Therefore, it is necessary to provide a Mask R-CNN network and electrocardiogram-based parameter acquisition method to solve the deficiencies of the prior art.

Disclosure of Invention

The invention aims to avoid the defects of the prior art and provides a parameter acquisition method based on a Mask R-CNN network and an electrocardiogram. The parameter acquisition method based on the Mask R-CNN network and the electrocardiogram has the advantages of simple processing and high practicability.

The above object of the present invention is achieved by the following technical measures:

a parameter acquisition method based on a Mask R-CNN network and an electrocardiogram is provided, which comprises the following steps:

acquiring a data set of electrocardiogram data, wherein each electrocardiogram data has a plurality of electrocardiogram signals, and dividing the data set into a training set and a test set;

secondly, selecting any electrocardiosignal from each piece of electrocardiosignal aiming at all the electrocardiosignals in the training set to obtain an electrocardiosignal group of the training set; respectively selecting any one electrocardiosignal from each piece of electrocardio data aiming at all the electrocardio data in the test set to obtain an electrocardiosignal group of the test set;

thirdly, correspondingly obtaining an electrocardiosignal curve unit group of the training set and an electrocardiosignal curve unit group of the testing set according to the electrocardiosignal group of the training set and the electrocardiosignal group of the testing set respectively;

then, classifying each electrocardiosignal curve unit in the electrocardiosignal curve unit group of the training set to correspondingly obtain a classification type group of the training set;

step four, correspondingly obtaining an electrocardiosignal graphic unit group of the training set and an electrocardiosignal graphic unit group of the testing set according to the electrocardiosignal curve unit group of the training set and the electrocardiosignal curve unit group of the testing set obtained in the step three respectively;

correspondingly obtaining an electrocardiosignal curve pattern unit group of the training set and an electrocardiosignal curve pattern unit group of the testing set according to the electrocardiosignal pattern unit group of the training set and the electrocardiosignal pattern unit group of the testing set respectively; the electrocardiosignal curve graph units in the electrocardiosignal curve graph unit group and the electrocardiosignal curve graph unit group of the test set are both two-dimensional black and white graphs;

step six, inputting the electrocardiosignal curve unit group of the test set, the electrocardiosignal curve unit group of the training set, the electrocardiosignal curve graphic unit group of the training set and the electrocardiosignal curve graphic unit group of the test set into a Mask-RCNN network for training by taking the classification type group of the training set as label data to obtain a trained Mask-RCNN network;

and step seven, inputting the electrocardiosignal curve unit group of the test set, the electrocardiosignal curve unit group of the training set, the electrocardiosignal curve graphic unit group of the training set and the electrocardiosignal curve graphic unit group of the test set into the trained Mask-RCNN network obtained in the step six to obtain a total prediction loss function and a Mask image.

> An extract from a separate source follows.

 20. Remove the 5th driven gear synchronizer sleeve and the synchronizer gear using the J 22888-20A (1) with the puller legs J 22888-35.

Preferably, the third step specifically comprises:

step 3.1, setting a constant H as a threshold value for the training set and the test set, taking the constant H threshold value as a starting point, and defining the value of the highest point as the R wave peak value of the QRS wave when the electrocardiosignal is consistent with the condition that the electrocardiosignal firstly rises to the highest point and then falls to the threshold value H, wherein the range of the H value is 0.7-0.9;

3.2, dividing each electrocardiosignal in the electrocardiosignal group of the training set into an electric signal curve unit by the width of three adjacent R wave peaks, and correspondingly obtaining an electrocardiosignal curve unit group of the training set; dividing each electrocardiosignal in the electrocardiosignal group of the test set into an electric signal curve unit by the width of three adjacent R wave peaks, and correspondingly obtaining an electrocardiosignal curve unit group of the test set;

and 3.3, classifying each electrocardiosignal curve unit in the electrocardiosignal curve unit group of the training set to correspondingly obtain a classification type group of the training set.

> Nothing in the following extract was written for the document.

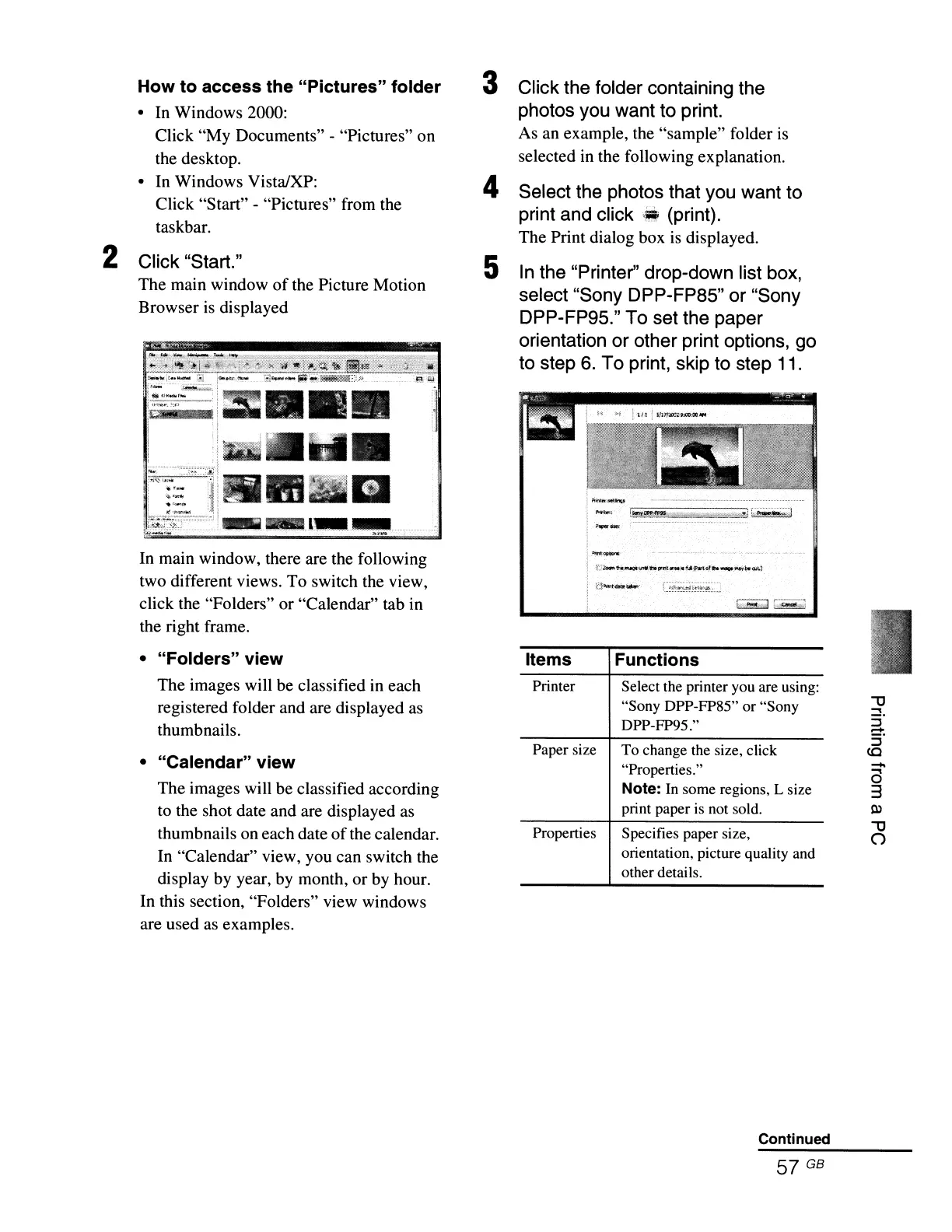 select "Sony DPP-FP85" or "Sony
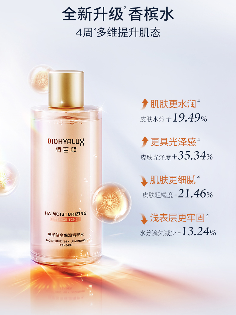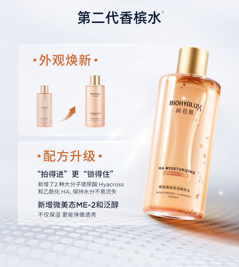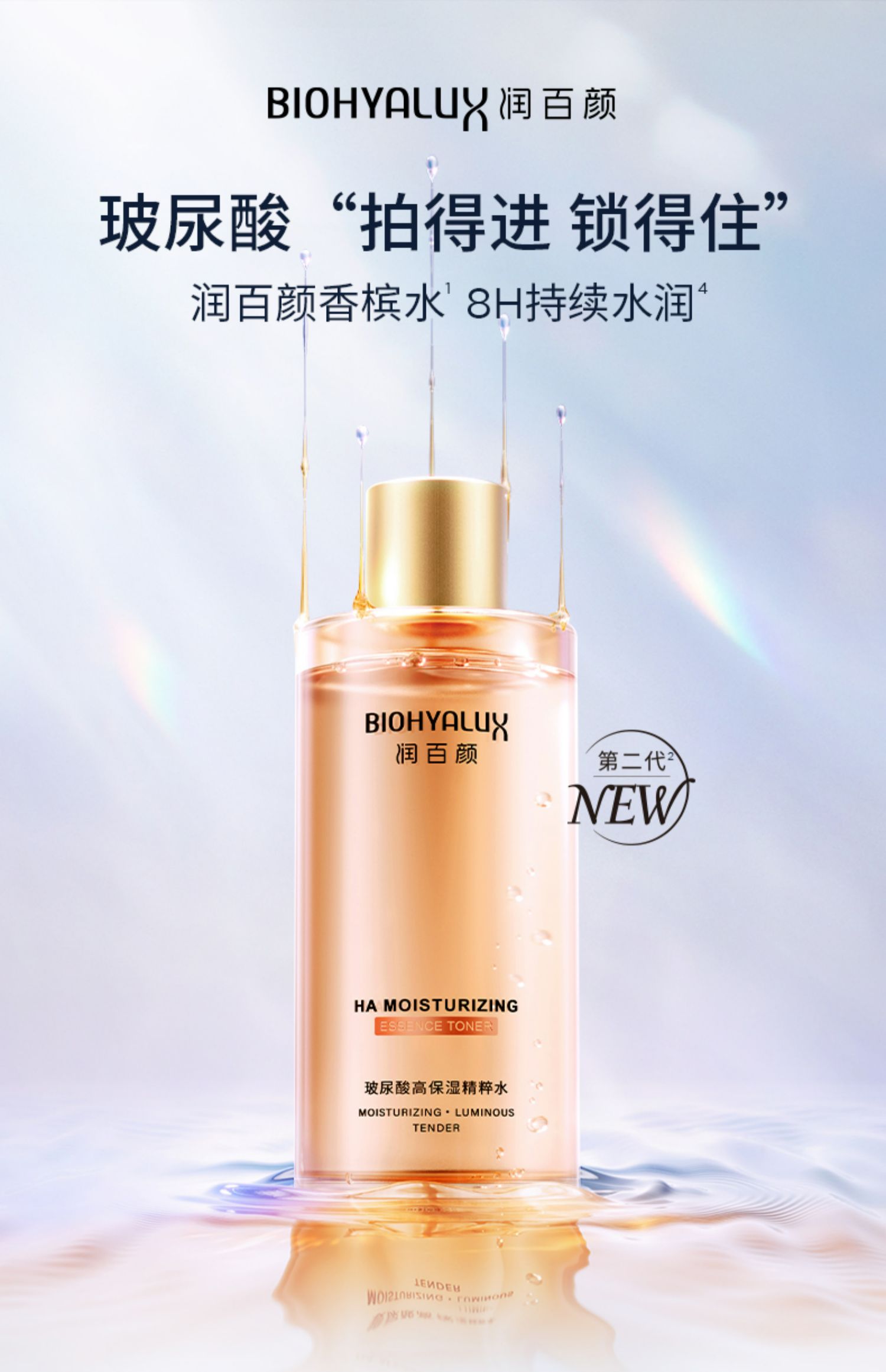 润百颜高保湿精粹水玻尿酸香槟水300ml 二裂酵母烟酰胺爽肤水补水保湿 修护紧致提亮肤色

Preferably, the step four is specifically:

step 4.1, counting the average sampling point number between R wave peaks in each electrocardiosignal curve unit in the electrocardiosignal curve unit group of the training set and the electrocardiosignal curve unit group of the testing set obtained in the step three, taking n times of the average sampling point number between the R wave peaks as the total sampling length, wherein n is more than 1, and when the sampling length exceeds the length in the electrocardiosignal image unit, the y value of the sampling point is made to be 0;

step 4.2, each sampling point of each electrocardiosignal curve unit in the step 4.1 is subjected to linear normalization processing, so that the y value of the sampling point is distributed to the range of [ -11 ];

step 4.3, discretizing the sampling points distributed in the range of [ -11 ] in the step 4.2 to correspondingly obtain a discretized electrocardiosignal curve unit group of the training set and a discretized electrocardiosignal curve unit group of the testing set;

and 4.4, carrying out N-time sparse sampling on the discrete electrocardiosignal curve unit obtained in the step 4.3, and correspondingly obtaining an electrocardiosignal graphic unit group of the training set and an electrocardiosignal graphic unit group of the testing set, wherein the range of N is 2-4.

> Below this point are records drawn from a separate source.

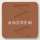 This stylish terracotta brown coaster features a modern layout with vertical monogram in big type, and your name in simple prominent horizontal type.
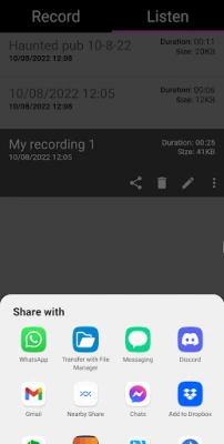- Kayıtları Facebook, WhatsApp ve daha fazlası aracılığıyla paylaşmak için paylaşma seçenekleri
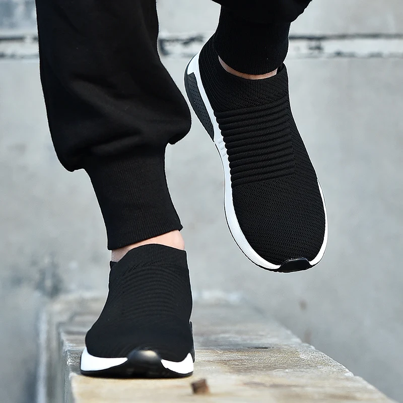 2019 Летние черные кроссовки с плетением, Мужские дышащие теннисные кроссовки без шнуровки, повседневные кроссовки для взрослых, chaussure homme ...
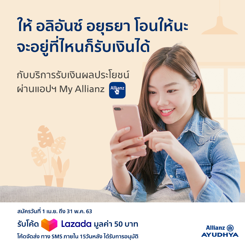 26 พฤษภาคม 2563 : อลิอันซ์ อยุธยา ให้คุณรับเงินผลประโยชน์ได้ง่ายๆ อยู่ที่ไหนก็รอรับเงินได้ กับบริการรับเงินผลประโยชน์ ผ่านแอปพลิเคชัน My Allianz สมัครได้ทันที ไม่ต้องส่งเอกสาร เพียงเข้าแอปฯ กดสมัครขอรับเงินผลประโยชน์ผ่านบัญชีธนาคาร กรอกรายละเอียดให้ครบถ้วน และรอรับเงินได้ภายใน 2 สัปดาห์ สมัครได้ตั้งแต่วันนี้ – 31 พ.ค. 63 พร้อมรับโค้ด Lazada มูลค่า 50 บาท (หมดอายุในวันที่ 30 กันยายน 2563) สำหรับช้อปปิ้งออนไลน์ เพียงดาวน์โหลดแอปฯ My Allianz ซึ่งใช้ได้ทั้งในระบบ IOS และ Android อ่านรายละเอียดเพิ่มเติมได้ที่ https://bit.ly/MayDCA
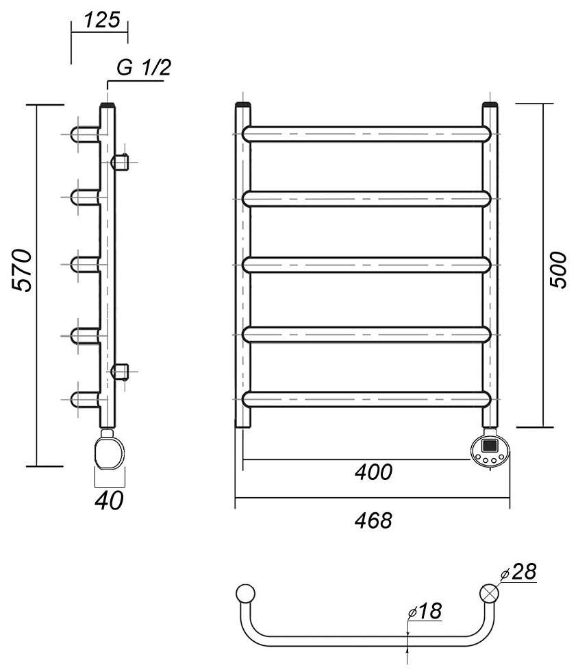 | Дополнительная информация | Полотенцесушитель с ТЭНом в сборе 1 шт., Стойка крепления 4 шт., Кран Маевского - 1 шт. Заглушка - 1 шт. Паспорт/инструкция |

Preferably, the fifth step is to find out each electrocardiographic signal graphic unit in the electrocardiographic signal graphic unit group of the training set and each electrocardiographic signal graphic unit in the electrocardiographic signal graphic unit group of the test set respectively, find out a pixel point of each row of electrocardiographic curves in each electrocardiographic signal graphic unit, set all the points below the pixel point to be black, and correspondingly obtain the electrocardiographic signal curve graphic unit group of the training set and the electrocardiographic signal curve graphic unit group of the test set.

Preferably, the categories include normal and sinus rhythm, sinus bradycardia, sinus tachycardia, electrical axis left deviation, electrical axis right deviation, sinus arrhythmia, right bundle branch block, premature ventricular contraction, complete right bundle branch block, left ventricular high voltage, ST-T change, ST segment change, first degree atrioventricular block, incomplete right bundle branch block, and atrial fibrillation.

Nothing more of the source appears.